Late yesterday as you may know, Moody's hit the markets with what is being called a surprise downgrade of Portuguese sovereign debt, cutting their credit rating by 4 notches to Junk status, citing Portugal may, much like Greece, need a second round of bailouts before it can return to the debt markets in 2013. Of particular irritation to the rating's agencies is what they consider to be the Troika's mishandling of the crisis with an emphasis on making private bond holders share the burden of future bail outs; something the rating's agencies say will trigger a credit event making collateral questionable if not useless.
There's also growing concern that Ireland may need a second round of bailouts as well. This is not good news for Italy and Spain.
As for this being a surprise, I'm not so sure. Yesterday in this post, I highlighted recent weakness in the Euro, I think smart money had a clue as to what was coming as the Euro de-coupled with the equities market and the Australian dollar as I also showed you, which is a canary in the coal mine for Chinese problems.
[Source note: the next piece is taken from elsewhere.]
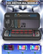 - Hard EVA Protective Case: Pressure-resistant EVA shell with shock-absorbing material protects your switch console and controller from drops, scratches, bumps, splashes and dust. Microfiber screen compartment protects console screen from scratches in the case. Protect your switch console always in its original condition

Also weighing on the markets and in particular EU markets is the Chinese rate hike of 25 basis points, pointing to a perhaps, "Not so soft landing for China". Since Europe is China's biggest trading partner they've shown a vested interest in buying up EU debt from Greece to Hungary. The fact that China is now showing signs of trouble, which include up to 1/2 a trillion dollars in bad debt that has been hidden, may stem the tide of Chinese funds to help out the EU zone.
It seems the path the Troika has decided on WILL NOT sit well with the rating's agencies and make bailouts all the more difficult. Already the cost to insure sovereign default in the PIIGS has jumped after the Moody's action.
Another ominous sign for Europe includes the Icelandic volcano, Hekla, the most feared of all of Iceland's volcanoes. It appears Hekla is about to erupt, but this would be much worse then the two previous Icelandic volcano eruptions that shut down flights over Europe, at a time when the EU can least afford a drop in commerce.
In the US, the Challenger jobs report for June showed a 12% increase in layoffs, the second month in a row and this news won't bode well for the ADP/NFP reports coming out later this week.
Remember, what we see, as we saw many changes in character yesterday, is movement discounting news we are not yet privy to at the time, but these changes need to be taken seriously, even if we don't understand them at the moment.